Task details >>
In the listing below, find the line containing "detail images |" and the line containing "в Кашире купить". Repeat exactly those two lines and every line between them.

Data extract >>

--------

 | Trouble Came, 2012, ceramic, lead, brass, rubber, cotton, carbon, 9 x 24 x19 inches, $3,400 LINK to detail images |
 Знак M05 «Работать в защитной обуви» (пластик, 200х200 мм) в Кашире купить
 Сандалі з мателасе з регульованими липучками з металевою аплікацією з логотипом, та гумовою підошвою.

--------

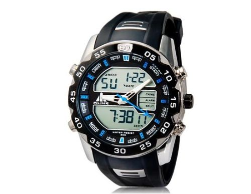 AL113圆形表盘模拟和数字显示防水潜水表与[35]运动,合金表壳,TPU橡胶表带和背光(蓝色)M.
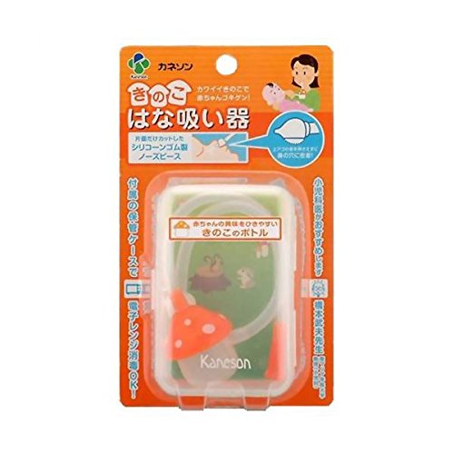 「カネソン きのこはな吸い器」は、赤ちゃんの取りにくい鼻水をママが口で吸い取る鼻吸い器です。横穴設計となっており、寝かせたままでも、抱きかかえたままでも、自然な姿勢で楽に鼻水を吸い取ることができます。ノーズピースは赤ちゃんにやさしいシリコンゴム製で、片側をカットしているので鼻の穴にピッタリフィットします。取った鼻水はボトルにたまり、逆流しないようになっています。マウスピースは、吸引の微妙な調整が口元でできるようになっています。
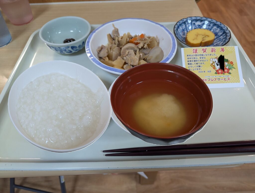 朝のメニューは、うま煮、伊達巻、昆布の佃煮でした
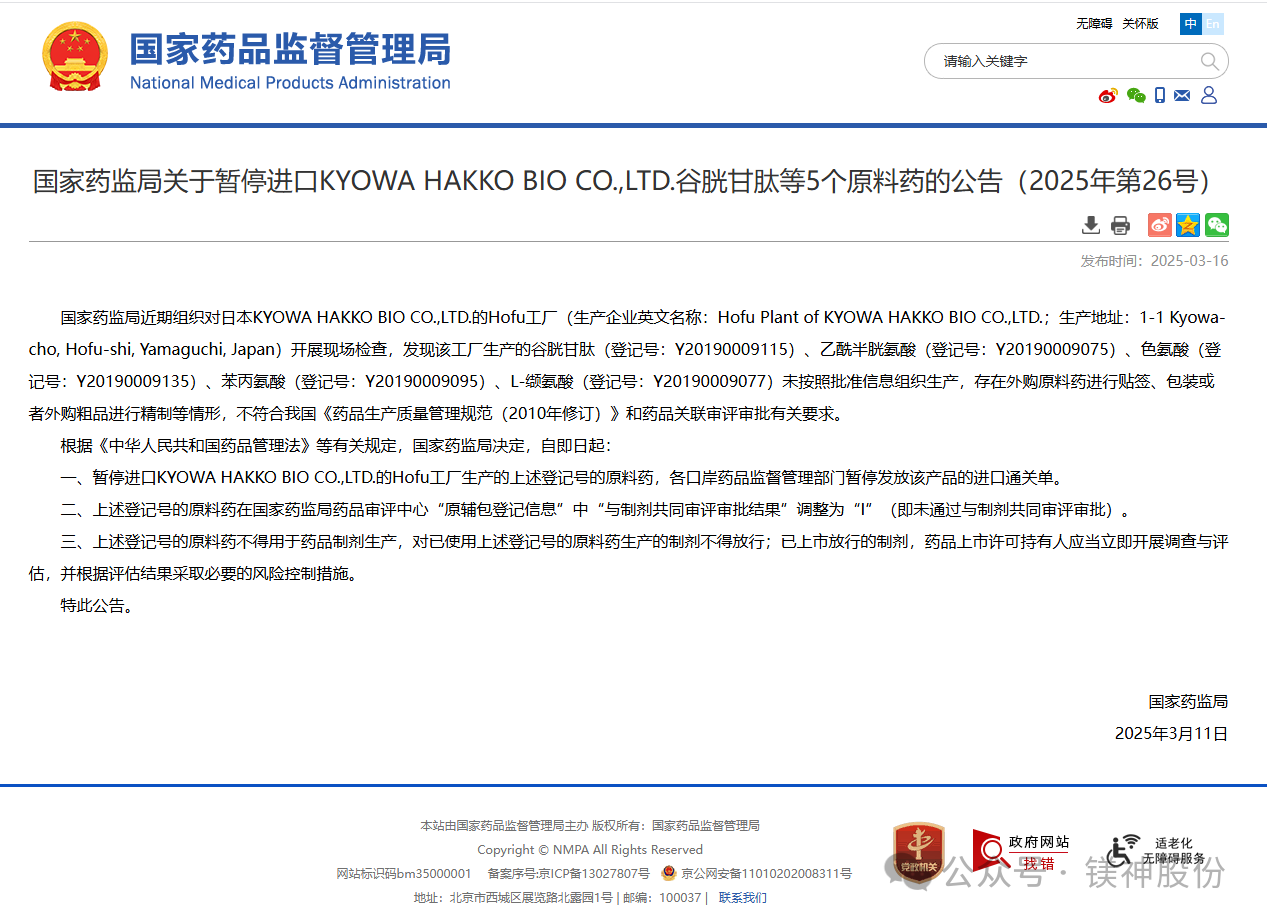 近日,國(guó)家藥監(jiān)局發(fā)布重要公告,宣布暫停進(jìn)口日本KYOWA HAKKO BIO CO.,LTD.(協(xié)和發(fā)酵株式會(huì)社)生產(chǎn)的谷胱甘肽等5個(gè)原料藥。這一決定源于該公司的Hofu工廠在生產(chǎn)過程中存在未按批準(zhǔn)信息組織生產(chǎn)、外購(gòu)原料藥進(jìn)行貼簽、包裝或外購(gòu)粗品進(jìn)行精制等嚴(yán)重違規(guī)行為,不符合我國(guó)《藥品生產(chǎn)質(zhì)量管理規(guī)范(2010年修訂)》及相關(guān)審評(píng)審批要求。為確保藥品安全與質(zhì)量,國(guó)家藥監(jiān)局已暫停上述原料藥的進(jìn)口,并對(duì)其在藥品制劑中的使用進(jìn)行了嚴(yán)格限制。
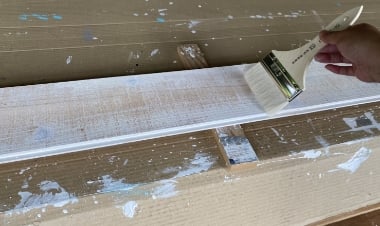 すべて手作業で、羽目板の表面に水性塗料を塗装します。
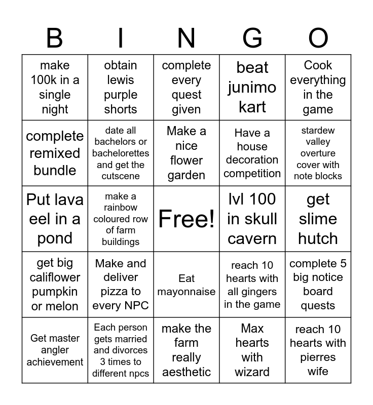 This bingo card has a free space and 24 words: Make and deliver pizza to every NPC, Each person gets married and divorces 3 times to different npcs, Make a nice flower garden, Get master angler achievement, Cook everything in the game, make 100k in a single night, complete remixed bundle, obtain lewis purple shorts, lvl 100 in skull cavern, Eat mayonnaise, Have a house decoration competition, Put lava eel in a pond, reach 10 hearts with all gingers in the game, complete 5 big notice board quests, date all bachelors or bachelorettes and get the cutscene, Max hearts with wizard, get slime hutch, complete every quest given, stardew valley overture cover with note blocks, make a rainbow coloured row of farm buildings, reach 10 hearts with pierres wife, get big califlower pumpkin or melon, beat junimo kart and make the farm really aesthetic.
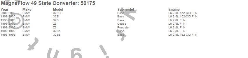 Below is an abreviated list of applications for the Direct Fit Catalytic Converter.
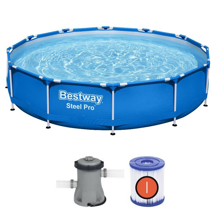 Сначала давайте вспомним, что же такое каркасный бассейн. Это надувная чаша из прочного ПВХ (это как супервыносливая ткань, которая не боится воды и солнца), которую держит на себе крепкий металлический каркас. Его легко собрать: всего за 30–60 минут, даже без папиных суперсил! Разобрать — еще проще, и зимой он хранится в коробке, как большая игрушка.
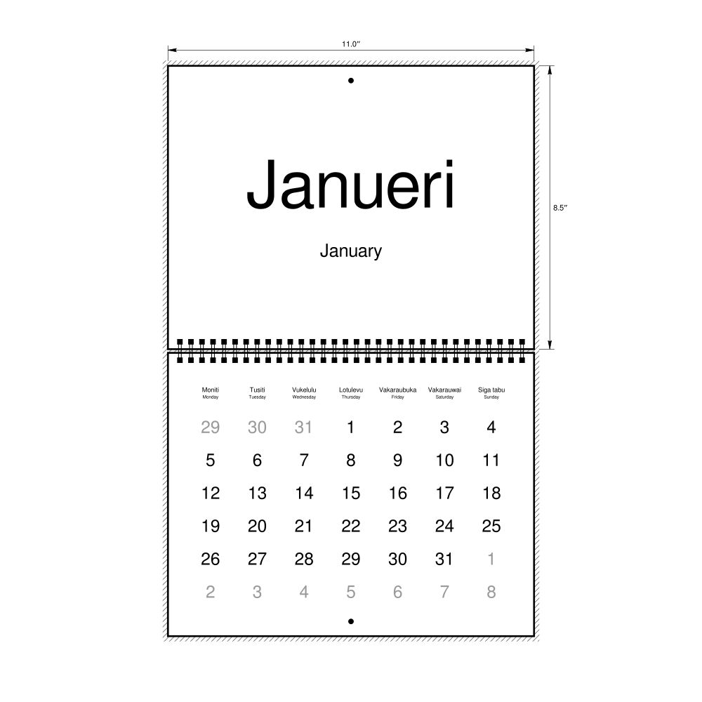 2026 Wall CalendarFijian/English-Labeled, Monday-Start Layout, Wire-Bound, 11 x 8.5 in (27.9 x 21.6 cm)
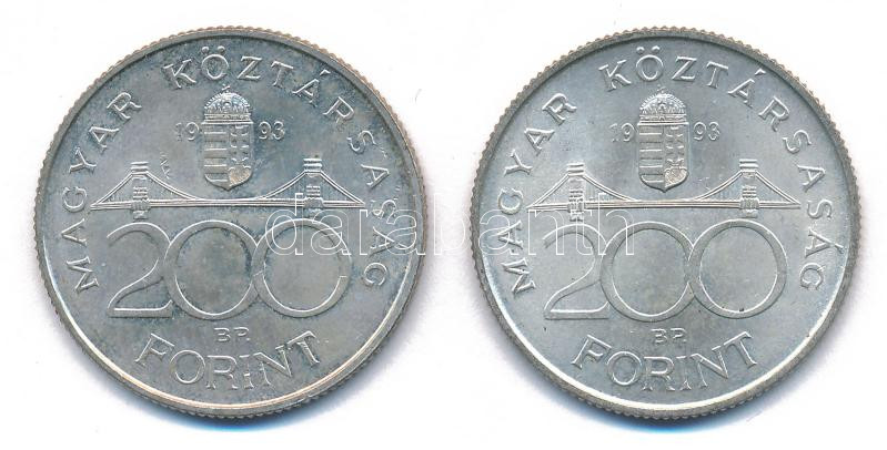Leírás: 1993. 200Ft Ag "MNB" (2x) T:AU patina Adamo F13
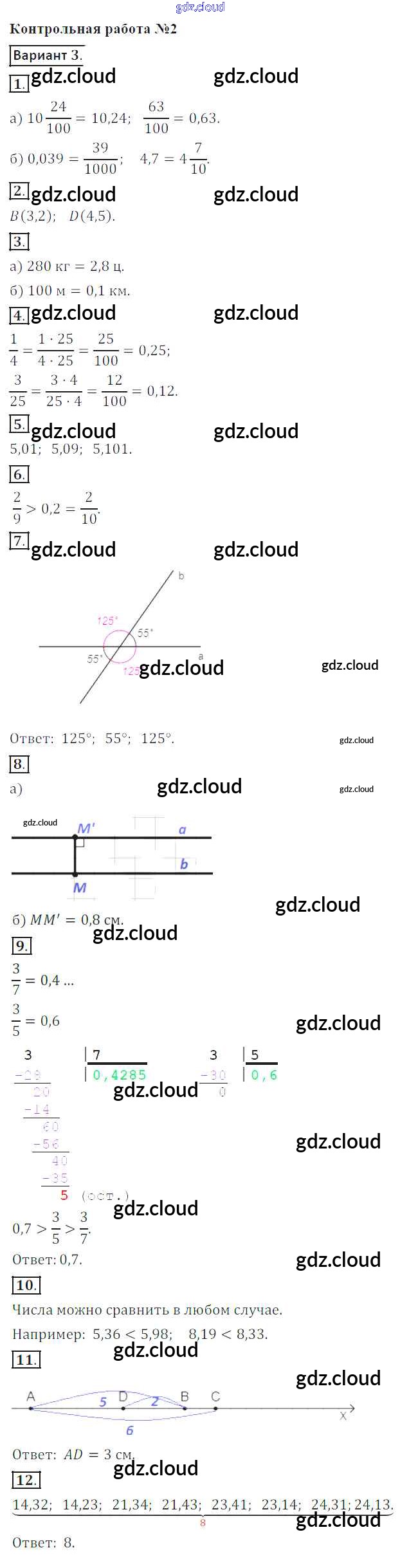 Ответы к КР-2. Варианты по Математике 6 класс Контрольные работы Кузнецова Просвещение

--------

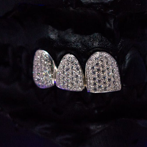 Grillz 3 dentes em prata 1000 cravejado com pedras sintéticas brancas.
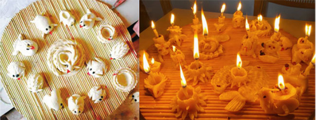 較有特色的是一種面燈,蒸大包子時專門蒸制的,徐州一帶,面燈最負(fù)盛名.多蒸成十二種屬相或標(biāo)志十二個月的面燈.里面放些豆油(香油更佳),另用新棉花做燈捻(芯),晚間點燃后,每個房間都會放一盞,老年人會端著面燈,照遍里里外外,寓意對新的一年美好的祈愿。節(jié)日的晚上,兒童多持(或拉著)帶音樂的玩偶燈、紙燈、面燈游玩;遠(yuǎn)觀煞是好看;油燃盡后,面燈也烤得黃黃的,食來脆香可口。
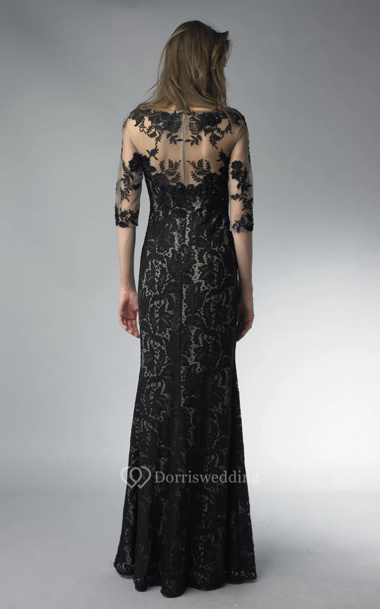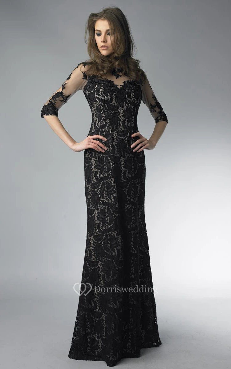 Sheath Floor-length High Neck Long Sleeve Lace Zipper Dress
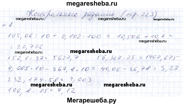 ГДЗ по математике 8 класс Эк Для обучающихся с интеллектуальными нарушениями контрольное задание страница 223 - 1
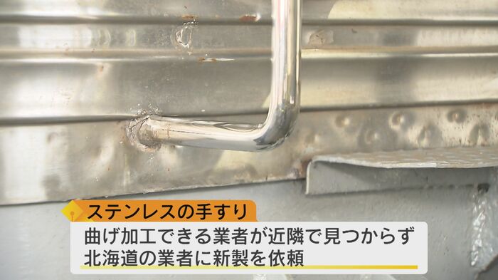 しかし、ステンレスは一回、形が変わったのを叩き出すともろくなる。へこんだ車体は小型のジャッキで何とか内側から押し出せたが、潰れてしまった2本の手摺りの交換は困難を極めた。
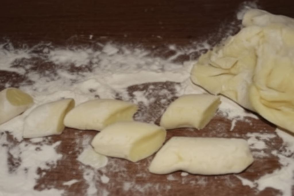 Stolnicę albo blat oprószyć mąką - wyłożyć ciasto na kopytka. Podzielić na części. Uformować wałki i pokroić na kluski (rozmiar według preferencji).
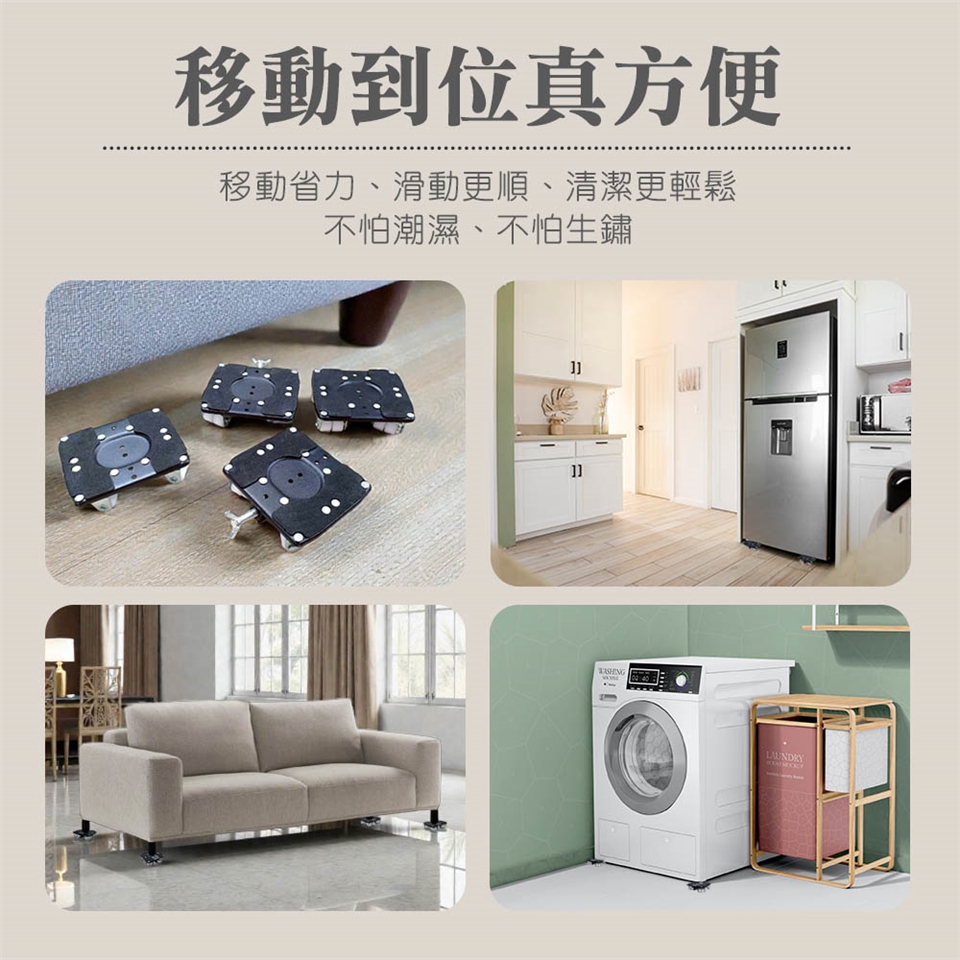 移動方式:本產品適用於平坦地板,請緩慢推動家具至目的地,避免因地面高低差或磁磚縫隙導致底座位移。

--------

Written response >>
 | Trouble Came, 2012, ceramic, lead, brass, rubber, cotton, carbon, 9 x 24 x19 inches, $3,400 LINK to detail images |
 Знак M05 «Работать в защитной обуви» (пластик, 200х200 мм) в Кашире купить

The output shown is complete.